Your goal =
Only the lines from the one with "Goście pod namiotem" to the end of the data below should be returned, each exactly as it stands.

Data extract =
>>

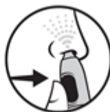
4. Stiskněte tlačítko
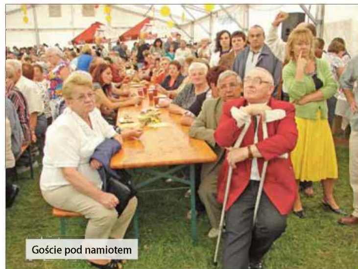
Goście pod namiotem

Niedzielne popołudnie upływało pod znakiem muzyki i dobrego humoru. Gwiazdą wieczoru byli m.in. soliści zespołu Śląsk – grupa Karlik. Imprezę uświetniły też lokalne zespoły – m.in. Jemielnicka Orkiestra Dęta i Centavia. Świętowanie zakończyła zabawa taneczna.

<<

Response area =
Goście pod namiotem

Niedzielne popołudnie upływało pod znakiem muzyki i dobrego humoru. Gwiazdą wieczoru byli m.in. soliści zespołu Śląsk – grupa Karlik. Imprezę uświetniły też lokalne zespoły – m.in. Jemielnicka Orkiestra Dęta i Centavia. Świętowanie zakończyła zabawa taneczna.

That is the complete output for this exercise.